**The task:** Exclude the pictures, and otherwise reproduce the data in full.

**Recorded information:**
§

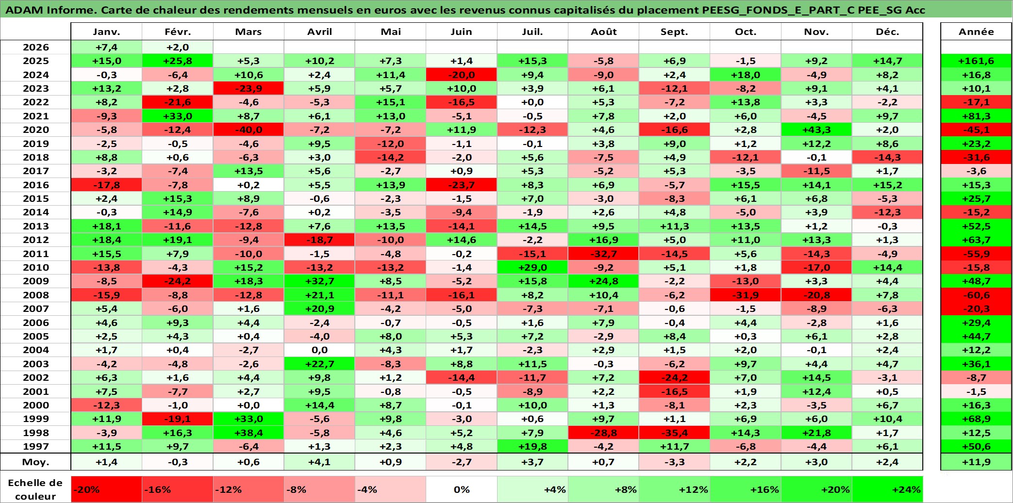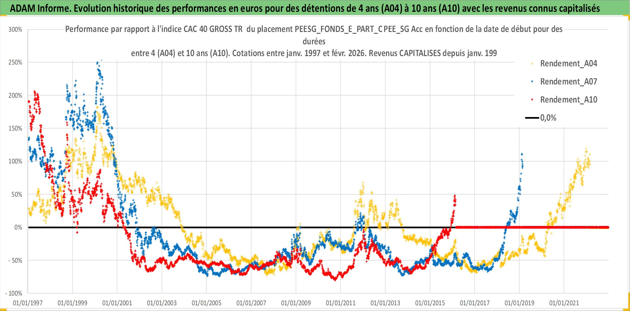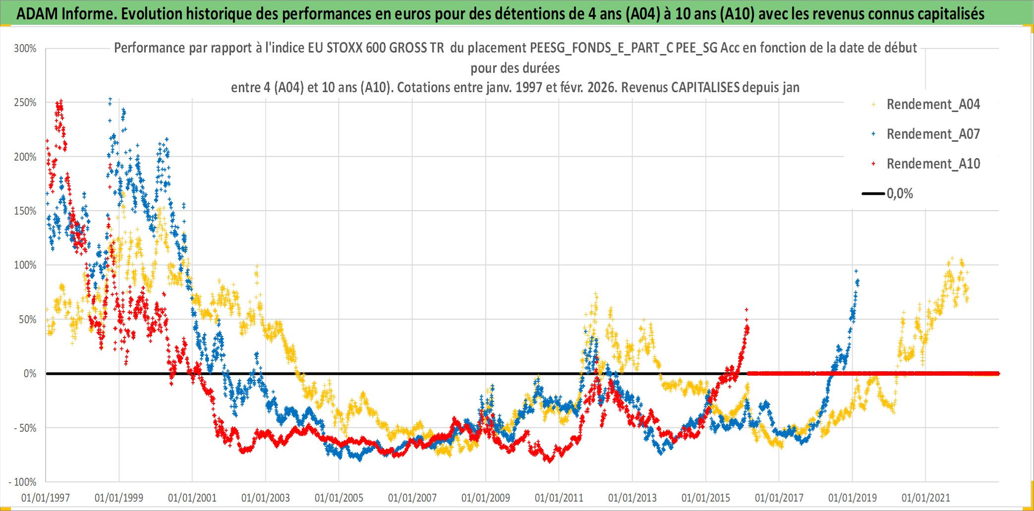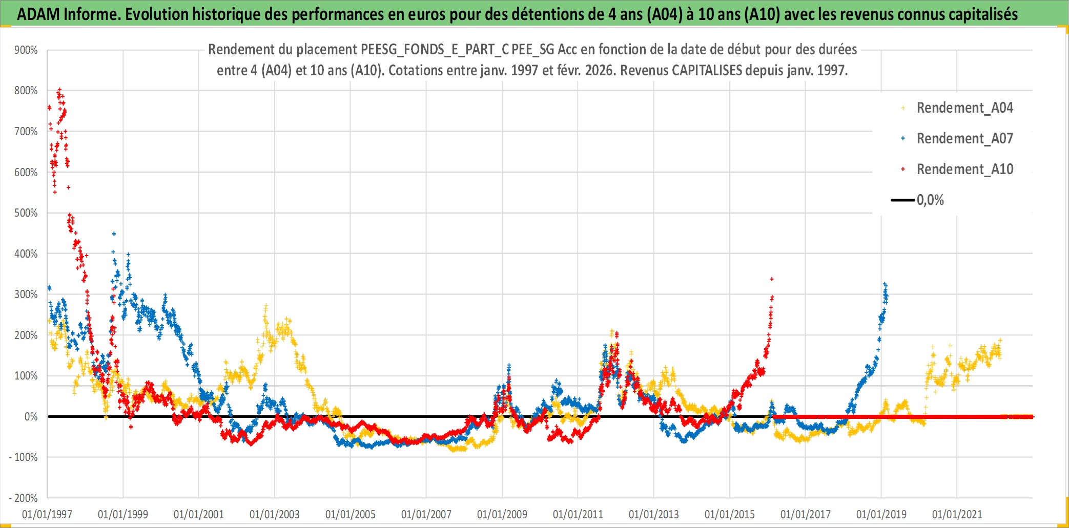 Site dédié aux investisseursPage dédiée sur site financeAnalyse des valorisations hebdomadaires du fonds PEESG_FONDS_E_PART_C PEE_SG Acc. Cet actif est cote en EUR. Les valorisations couvrent les semaines 1997W01 a 2026W09. Les revenus de cet actif financier sont pris en compte depuis la semaine 1997W01. La note ESG de cet actif n'est pas connue.
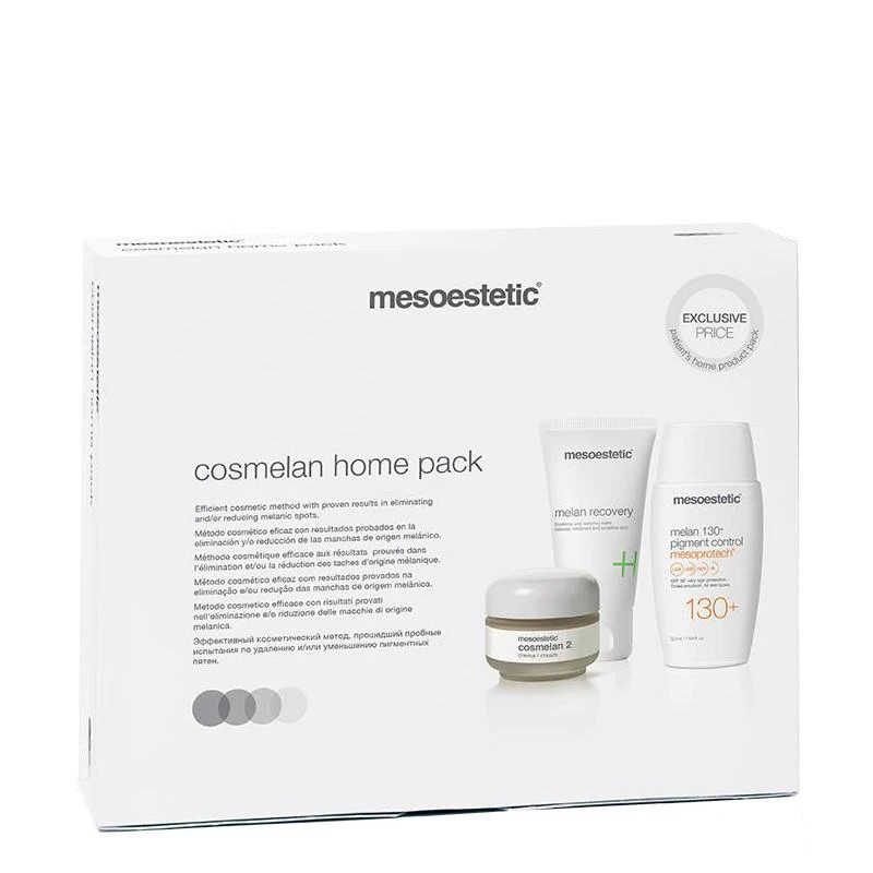 Mesoestetic Cosmelan Home Pack combines the 3 essential products to treat hyperpigmented spots. Therefore, it includes Cosmelan 2 cream 30g, Melan Recovery 50ml, and Melan 130º Pigment Control 50ml.
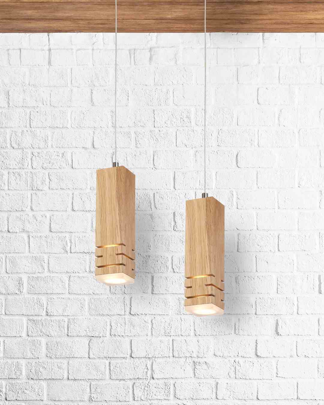 BERGEN 575 to minimalistyczna, nowoczesna lampa wisząca, złożona z dwóch drewnianych opraw z akrylowym kloszem, pod którym zamontowano niewymienny moduł LED. Jego moc wynosi 10 W, co odpowiada mocy tradycyjnej żarówki równej 50 W. LED zapewnia ciepłą, białą barwę światła o temperaturze 3000 K. Strumień świetlny ma wartość 700 lm. Oprawy ze źródłem światła zawieszono na regulowanym przewodzie, który przymocowano do podłużnej podsufitki o wymiarach 30 cm x 9 cm. Długość zawiesia może sięgać do 100 cm.
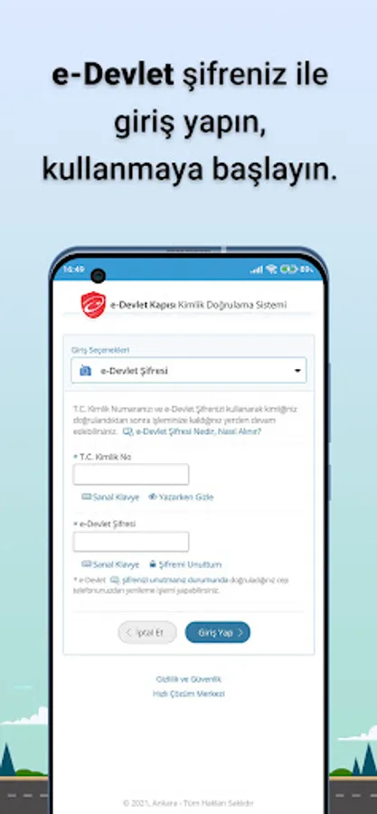 - 🔐 Create your account by logging in with your e-government user information. You can speed up your login to the application by defining a password for your account.

§

**Result of the task:**
 Site dédié aux investisseursPage dédiée sur site financeAnalyse des valorisations hebdomadaires du fonds PEESG_FONDS_E_PART_C PEE_SG Acc. Cet actif est cote en EUR. Les valorisations couvrent les semaines 1997W01 a 2026W09. Les revenus de cet actif financier sont pris en compte depuis la semaine 1997W01. La note ESG de cet actif n'est pas connue.
 Mesoestetic Cosmelan Home Pack combines the 3 essential products to treat hyperpigmented spots. Therefore, it includes Cosmelan 2 cream 30g, Melan Recovery 50ml, and Melan 130º Pigment Control 50ml.
 BERGEN 575 to minimalistyczna, nowoczesna lampa wisząca, złożona z dwóch drewnianych opraw z akrylowym kloszem, pod którym zamontowano niewymienny moduł LED. Jego moc wynosi 10 W, co odpowiada mocy tradycyjnej żarówki równej 50 W. LED zapewnia ciepłą, białą barwę światła o temperaturze 3000 K. Strumień świetlny ma wartość 700 lm. Oprawy ze źródłem światła zawieszono na regulowanym przewodzie, który przymocowano do podłużnej podsufitki o wymiarach 30 cm x 9 cm. Długość zawiesia może sięgać do 100 cm.
 - 🔐 Create your account by logging in with your e-government user information. You can speed up your login to the application by defining a password for your account.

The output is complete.